Dann bezahlt das Jobcenter die nächsten 6 Monate die GKV!
Wenn Du nach 1-2 Monaten wieder genug Gewinn hast einfach wieder abmelden bevor Du an das Jobcenter wieder nachzahlen musst!

Kann zu dieser Lösung nix sagen. Kann mir vorstellen, dass sich viele dafür zu stolz sind. Durch diverse Kampagnen hat man es erreicht, dass die Leute richtig stigmatisiert werden.

Ich bin froh das ich mit diesem "Amt" nie wirklich was zu tun hatte, außer dass ich mal vor etwas mehr als 14 Jahren ankündigen müsste, dass mein Arbeitsvertrag u.U. nicht verlängert wird.

Mir hat es gereicht zu sehen wie die man als Mensch dort vom Amt behandelt wird. Bin jetzt seit knapp 14 Jahren selbständig und bin froh, dass ich mit denen nichts zu tun habe.

Nur vielen bleibt da nichts anderes übrig, denn wenn erstmal Beitragsrückstände da sind gibt es auch keine Leistungen mehr! Da stehen dann selbständige trotz der Versicherungspflicht und der Zusage der Regierung dass jeder in Deutschland versichert ist wenn etwas passiert vor dem Ruin! Es sollte bei Selbständigen wie ja auch bei Arbeitern der Beitrag monatlich nach dem erziehltem Einkommen berechnet werden!

Wichtiges Thema, damit sollte man sich als Selbstständiger unbedingt auseinandersetzen bzw. sich guten Rat holen.

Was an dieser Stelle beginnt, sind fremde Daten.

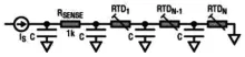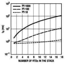 单个 LTC2983 温度测量器件能支持多达 18个两线式RTD探头(如图 1 所示)。每个 RTD 测量包含同时检测由于电流 IS 而在 RSENSE 和 RTD 探头RTDx 两端所产生的两个电压。对每个电压进行差分检测,而且鉴于 LTC2983 拥有高共模抑制比,因此堆栈中 RTD 的数量并不会对个别测量产生不利影响。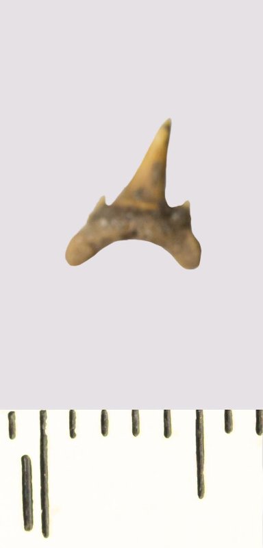 Зуб. Акула. Scapanorhynchus rhaphiodon Agassiz, 1843. Классификация: Хордовые Chordata, Позвоночные Vertebrata, Хрящевые рыбы Chondrichthyes, Пластиножаберные Elasmobranchii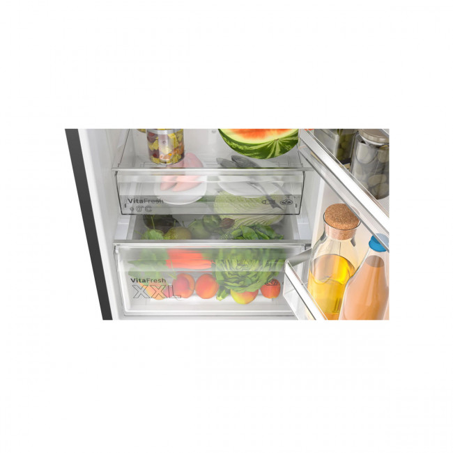 Το ευρύχωρο σύστημα αποθήκευσης και φρεσκάδας VitaFresh XXL (0°C) που διαθέτει ο ψυγειοκαταψύκτης της Bosch, προσφέρει το κατάλληλο περιβάλλον αποθήκευσης για όλα τα φρέσκα τρόφιμα. Πιο συγκεκριμένα, διατηρεί τις χαμηλές θερμοκρασίες που απαιτούνται στο ψάρι και το κρέας, ενώ επίσης κρατάει φρέσκα τα φρούτα και τα λαχανικά σας για μεγαλύτερο χρονικό διάστημα.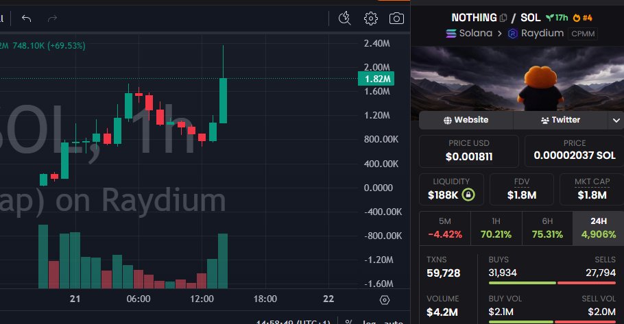 $nothing hits $1m market cap (+40% against market trend) while solana drops below $70, establishing a specific "market hedge" narrative.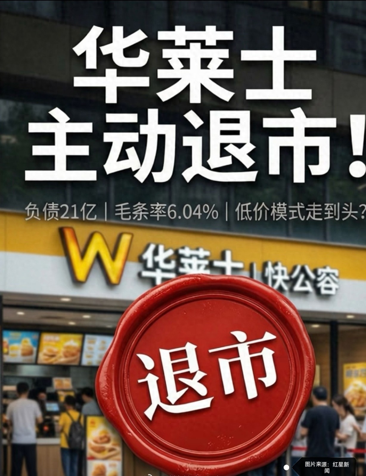 退市不是倒闭,而是卸下资本枷锁、专心搞经营。但我们更该看清:靠低价走天下的时代真的过去了。消费者要的不只是便宜,还有口味、品质和放心。只拼价格不练内功,再大的门店规模,也扛不住激烈竞争。这不仅是华莱士的困境,更是所有平价快餐品牌的警钟。

Danke für die Infos Vladimir.

Guter Artikel. Aber das ist mit Sicherheit nicht das einzige was unseren Politikern als Problem bekannt ist. Da gibt es zig andere sachen wo wir ständig belogen und beschissen werden. Hauptsache Kriege machen und Militär aufrüsten. Die Videos von @nuoviso sind da echt der Hammer. Und wir schauen nur zu, oder so gar weg...Wo wird das alles wohl hinführen. Wann stehen wir alle gemeinsam auf und schreien STOP?